_Work request_
Output nothing but the lines from the one holding "100平三房:设计的是竖厅格" to the end of the listing. Reproduce them exactly, without the pictures.

_Dataset section_
◇ ◇ ◇ ◇

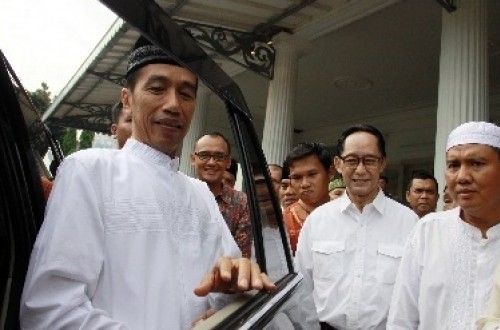 REPUBLIKA.CO.ID, JAKARTA -- Usai menggelar open house di Balai Kota dan mengunjungi kediaman Megawati Soekarno Putri, Presiden Terpilih Joko Widodo kembali melakukan halal bihalal keliling. Kali ini, Jokowi beserta Jusuf Kalla bersilaturahmi dengan Presiden Susilo Bambang Yudhoyono di Istana Negara, Jakarta, Senin (28/7). Keduanya tiba di Istana Negara sekitar pukul 12.25 WIB didampingi istri masing-masing, Iriana Widodo dan Mufidah Jusuf Kala.
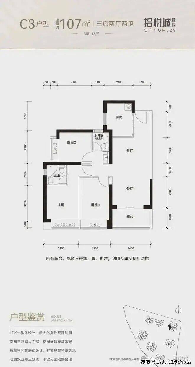 100平三房:设计的是竖厅格局,进门入户玄关,客厅3.4米开间,LDKB一体化设计,3个卧室分别做到了3米/2.9米/2.5米的宽度,U型厨房,公卫三段式分离,得房率:77.14%(不含赠送),阳台1.8米宽度,西南或东南朝向。
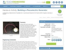 In pairs, learners build a piezoelectric generator from readily available electric components in the second and final installment of the two-part series. Tapping the piezoelectric element produces enough electricity to light an LED....

◇ ◇ ◇ ◇

_Answer section_
 100平三房:设计的是竖厅格局,进门入户玄关,客厅3.4米开间,LDKB一体化设计,3个卧室分别做到了3米/2.9米/2.5米的宽度,U型厨房,公卫三段式分离,得房率:77.14%(不含赠送),阳台1.8米宽度,西南或东南朝向。
 In pairs, learners build a piezoelectric generator from readily available electric components in the second and final installment of the two-part series. Tapping the piezoelectric element produces enough electricity to light an LED....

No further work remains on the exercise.